A.2 Answer: TW 2 tutorial

Answers for Sect. 2.2

  1. Read the Guidelines carefully to find out!
  2. The study is observational, but because the researchers cannot determine the C (whether the person is a smoker or not). The critical element here is C, not O.
  3. This is a mix of both C ('smokers and non-smokers') and O ('the median serum cholesterol').
  4. External validity only refers to whether the sample represents the given target population, which is Australians. Whether the results apply for the entire world is irrelevant.
  5. "Serum cholesterol" is not a variable; nothing here is varying. "Serum cholesterol" is just a type of cholesterol.
    What actually varies--and so is the variable--is "the serum cholesterol concentration", or the "value of serum cholesterol".
  6. This is not an experiment, since the individuals cannot be directed into the comparison groups (between smokers and non-smokers) by the researchers.
  7. In the data file, each row is a unit of analysis and each column is a variable. So there will be two variables but not those listed: one column will record the smoking status (Yes/No) and one column will record the serum cholesterol concentration.
  8. A confounding variable has to be related to both the response and explanatory variables.
  9. The observer effect is about how the researchers might respond, not the individuals under study.

Answers for Sect. 2.3

The answers are, in alphabetical order: beach; blind; control; ethical; experimental; fire; Hawthorne; help; nominal; randomly; relational; sample; three; treatment.

Answers for Sect. 2.4

  1. Outcome: average lifespan? Not sure how one measures 'ageing well'. Response variable: lifespan?
  2. Comparison: Between eating and not eating aged cheese.

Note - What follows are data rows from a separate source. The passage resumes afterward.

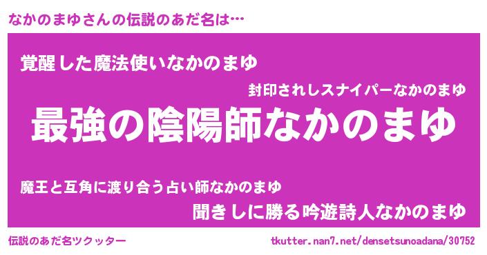 | ファンタジー風あだ名 | 『エターナルナカノマユー』『ゼナカトゥ』 |
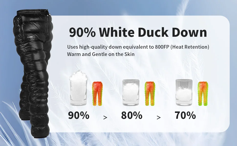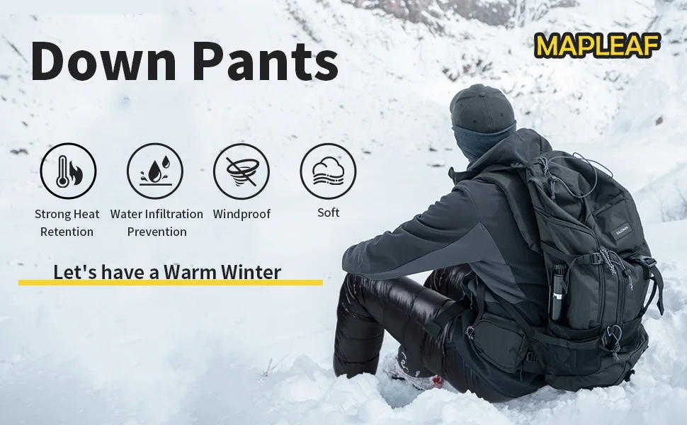 MAPLEAF Down Pants Ultralight Warm Down Trousers 800FP Winter Snow Pants Windproof Waterproof Ski Pants Camping Hiking Trousers
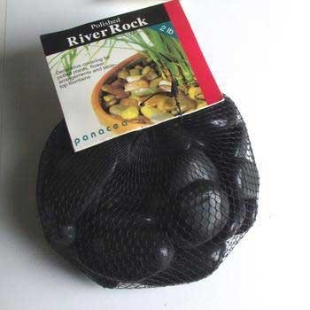 Polished river rocks is packaged in 2 pound bags. Great for use in aquariums as well as planters. Available in black color.
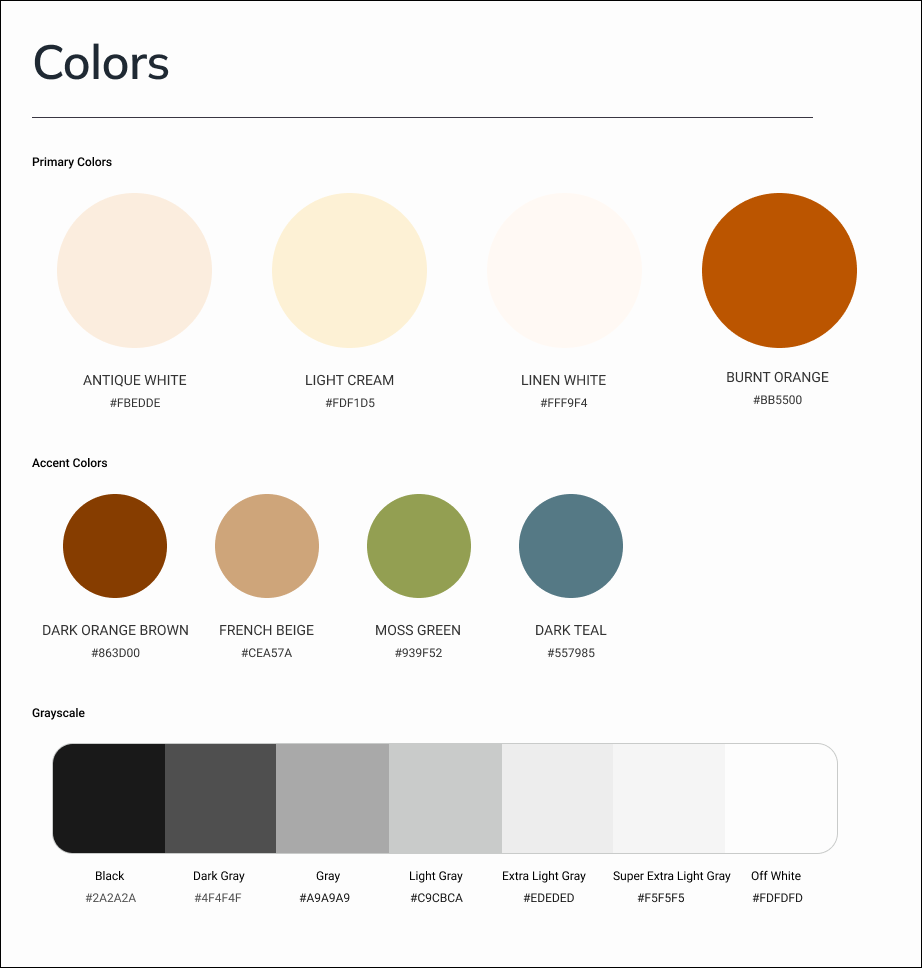To maintain consistency across the pages, my team and I built out a style guide including a color palette, UI elements, typography styles, grid system, components, illustrations, and iconography. Using the client’s existing color palette, we developed a similar palette with slight tweaks for improved readability and accessibility.
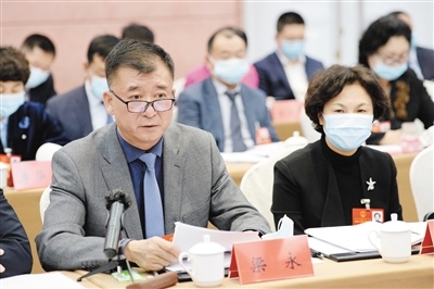 1月26日下午,呼和浩特市代表團審議政府工作報告時,梁永代表就加強教育事業(yè)發(fā)展提出建議。記者 袁永紅 攝
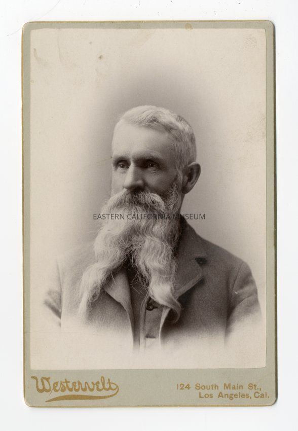 Mounted photo of William Lyle Hunter, Sr., Inyo County Supervisor from 1873-1874. He was the father of Bev [Beveridge] Hunter. In this photo he has a long white beard. Photograph by Westervelt of Los Angeles.Collection
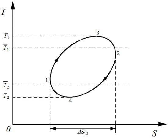 Thus, the heat, Q, can be represented by the area under the curve in the T-S diagram. As shown in Figure 3, the entropy value of the working fluid is minimum at point 1 and maximum at point 2. Therefore, process 1-3-2 is the heat absorption process, while process 2-4-1 is the heat release process. The average temperature of the heat absorption process and the average temperature of the heat release process are respectively in an arbitrary reversible cycle:
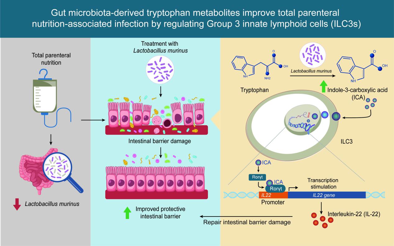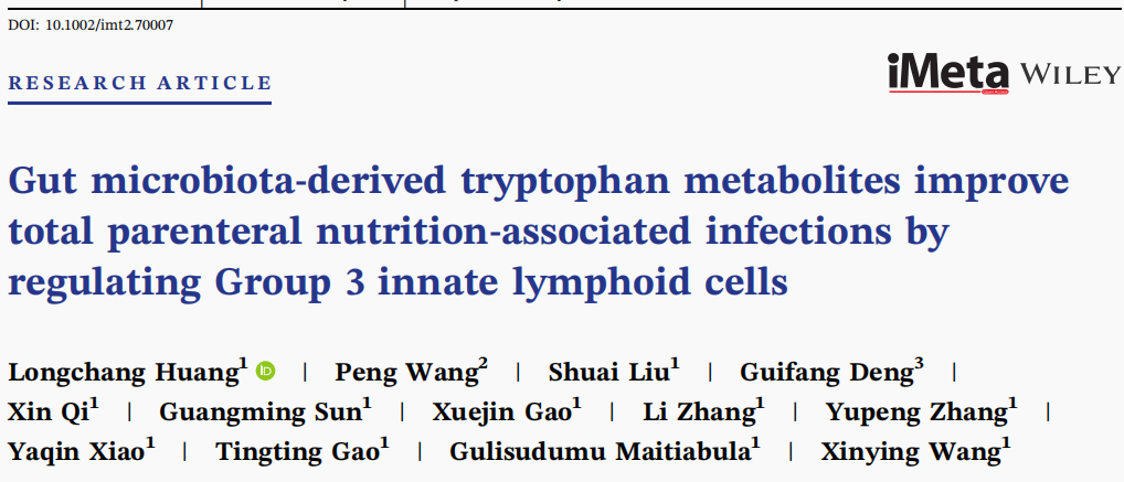 2025226日,南京大学附属金陵医院王新颖课题组在iMeta在线发表了题为“Gut microbiota-derived tryptophan metabolites improve total parenteral nutrition-associated infections by regulating Group 3 innate lymphoid cells”的研究成果。这项研究阐明了TPN过程中的“微生物-代谢-免疫”的调控机制,证明了靶向肠道微生物及肠道免疫稳态治疗IF、实现真正的“人工胃肠”是有希望的,为扭转“肠衰竭”不良结局和促进IF病人的肠康复治疗提供了重要的理论基础。南京大学医学院博士生黄龙昌、王鹏、刘帅和华中科技大学协和深圳医院邓桂芳为本文的共同第一作者。南京大学医学院附属金陵医院王新颖教授为本文的通讯作者。该项研究得到了国家自然科学基金委、科技部、江苏省科技厅以及中央高校等基金的支持,并在相关研究方面得到合作实验室的大力协助与支持。
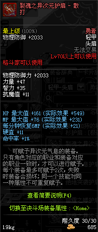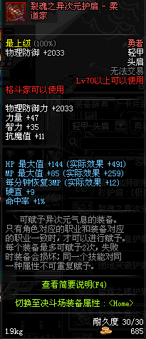 | 70 | 裂魂之异次元护肩 - 剑魂 | |||
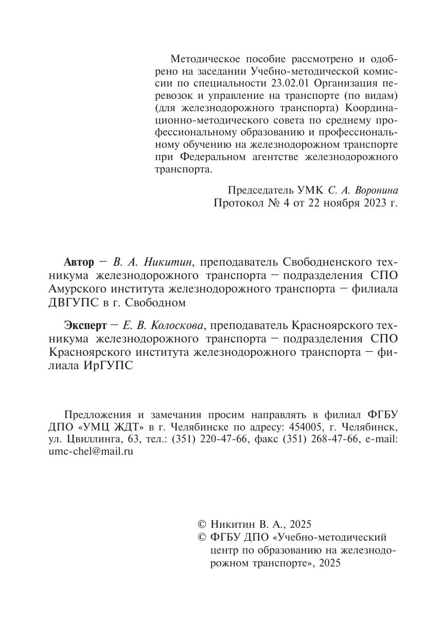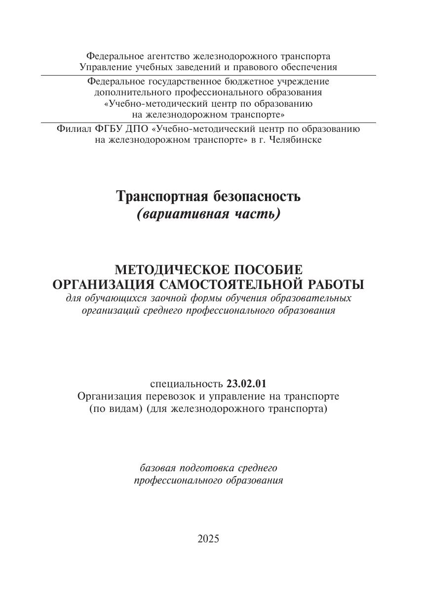 Никитин, В.А. Методическое пособие Организация самостоятельной работы для обучающихся заочной формы обучения образовательных организаций среднего профессионального образования Транспортная безопасность (вариативная часть) : методическое пособие / В. А. Никитин. — Москва : УМЦ ЖДТ, 2025. — 100 с. — Текст : электронный // УМЦ ЖДТ : электронная библиотека. — URL: https://umczdt.ru/books/1258/296666/ (дата обращения 08.02.2026). — Режим доступа: по подписке.
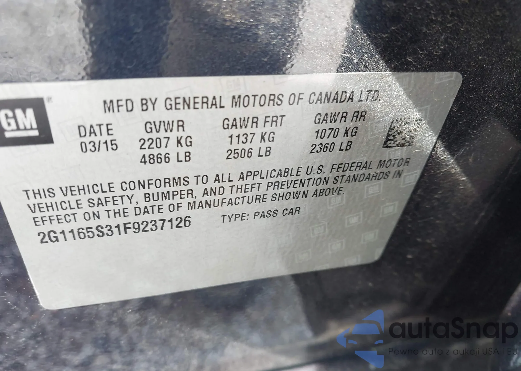 VIN: 2G1165S31F9237126
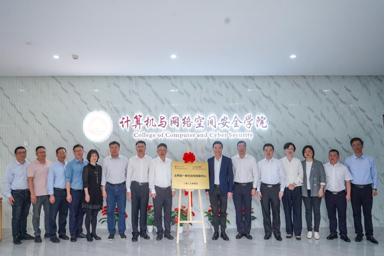 仪式上,校企双方签署产学研合作协议,与会领导共同为“云网安一体化协同创新中心”揭牌。
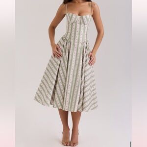 Sage and pink House of CB dress, worn once for a wedding. Extremely flattering corset bodice, size small with an A-C cup size
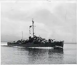 USS Charles J. Kimmel (DE-584) was a Rudderow-class destroyer escort serving in the US Navy from 1944 through 1947. She served in both the Atlantic and Pacific theaters of World War II. Charles J. Kimmel was laid down by Bethlehem Steel in Hingham, Massachusetts on 1 December 1943 and launched on 15 January 1944. She was commissioned 20 April 1944. The vessel was decommissioned on 15 January 1947, stricken 30 June 1968 and ultimately sunk as target off California, on 13 November 1969.[1]
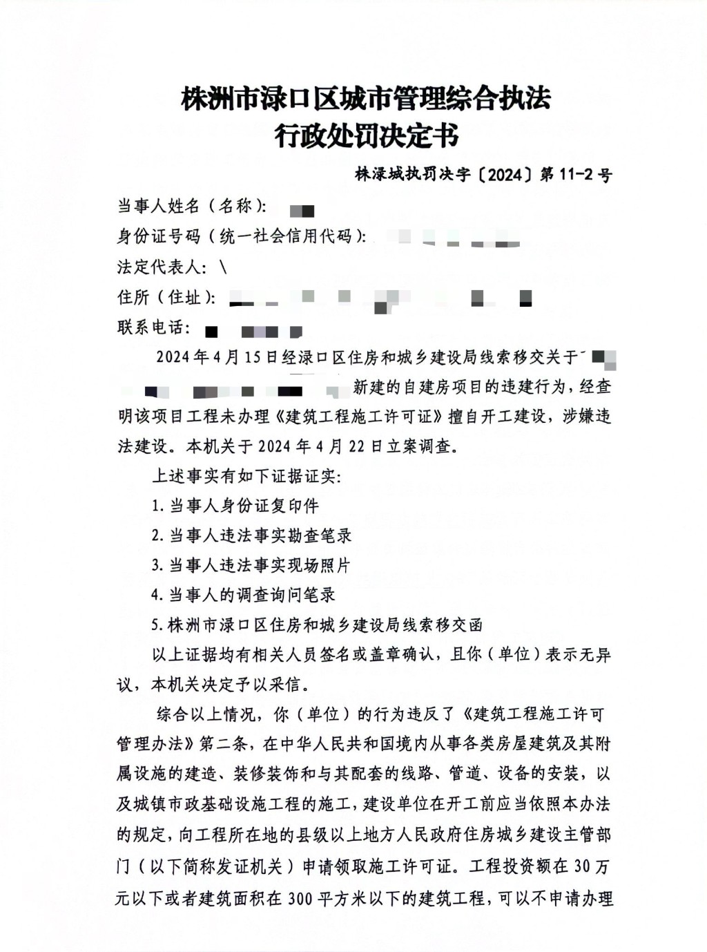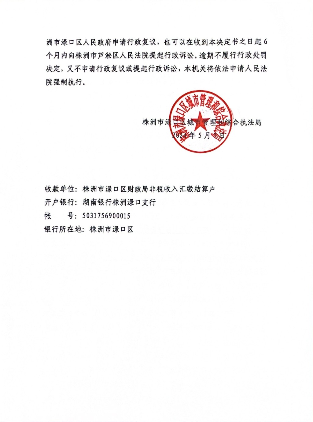 株洲市渌口区城市管理和综合执法局行政处罚决定书 株(渌)城行罚字〔2024〕第11-2号
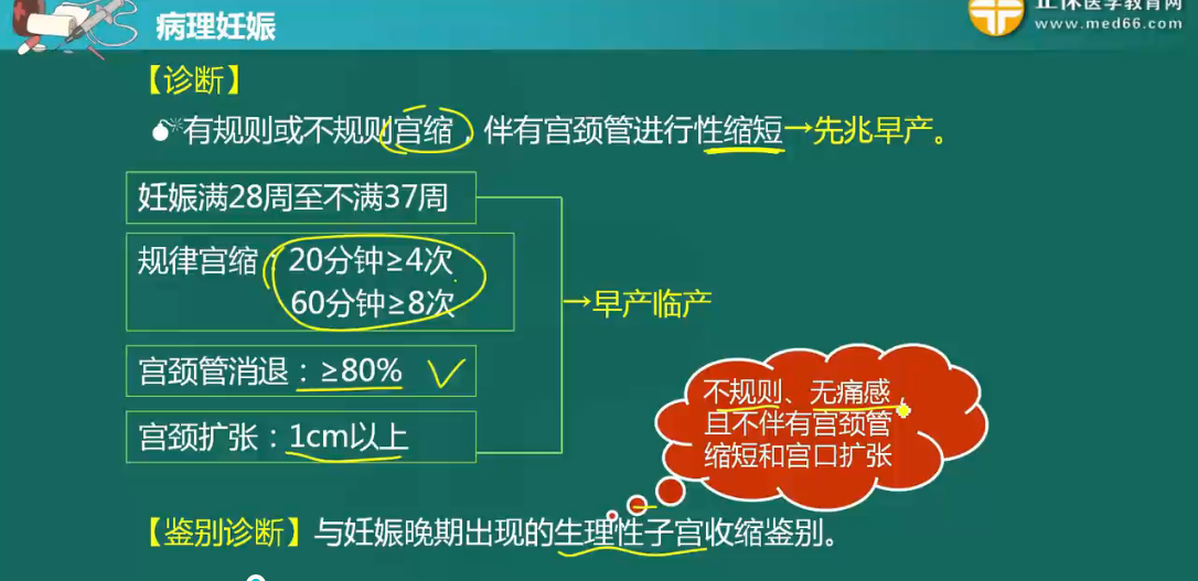 早產(chǎn)是指妊娠滿(mǎn)28周至不足37周(196~258日)間分娩者。早產(chǎn)占分娩總數(shù)的5%~15%。此時(shí)娩出的新生兒稱(chēng)為早產(chǎn)兒,體重為1000~2499g,各器官發(fā)育尚不夠健全,存活率低下。在婦產(chǎn)科主治醫(yī)師的考試中病因會(huì)在科目二中考察,臨床表現(xiàn)及診斷和治療會(huì)在科目三中考察到。需要學(xué)員靈活掌握。

Explanatory variable: Whether someone eats aged cheese (or a certain amount of aged cheese) or not.
  3. Observational; but a guess.
  4. Outcome: average lifespan; response: lifespan.
  5. Comparison: Between mice drinking and not drinking spermidine; explanatory: the type of water the mice drank.
  6. Experimental; researchers treated the water.
  7. Possibly; 'aging well' is not the same as having an increased lifespan. Study is for mice, not people anyway.
  8. To act as the control group, to measure the effect of the spermidine.
  9. Outcome: average blood pressure; response: blood pressure.
  10. Probably correlational, but possibly relational.
  11. Observational.
  12. Some answers are debatable.
    1. Probably confounding (often is).
    2. Probably neither.
    3. Probably neither.
    4. Probably confounding.
    5. Probably extraneous.
  13. Not really; but 'ageing well' is very vague.
  14. No; spermidine may have an effect, but probably not due to aged cheese intake.
  15. No; observational.

Answers for Sect. 2.6

  1. Yes: 'They were randomly allocated to take palmolein ("B9") or canola ("T4") crisps for the first 3 weeks, then (without a washout period) changed over to the other type, canola or palmolein for another 2 weeks'.
  2. It has: 'the type of oil was known only by the food scientist...'
  3. 'the type of oil was known only by the food scientist...'
  4. Probably.
  5. Subjects and researchers blinded.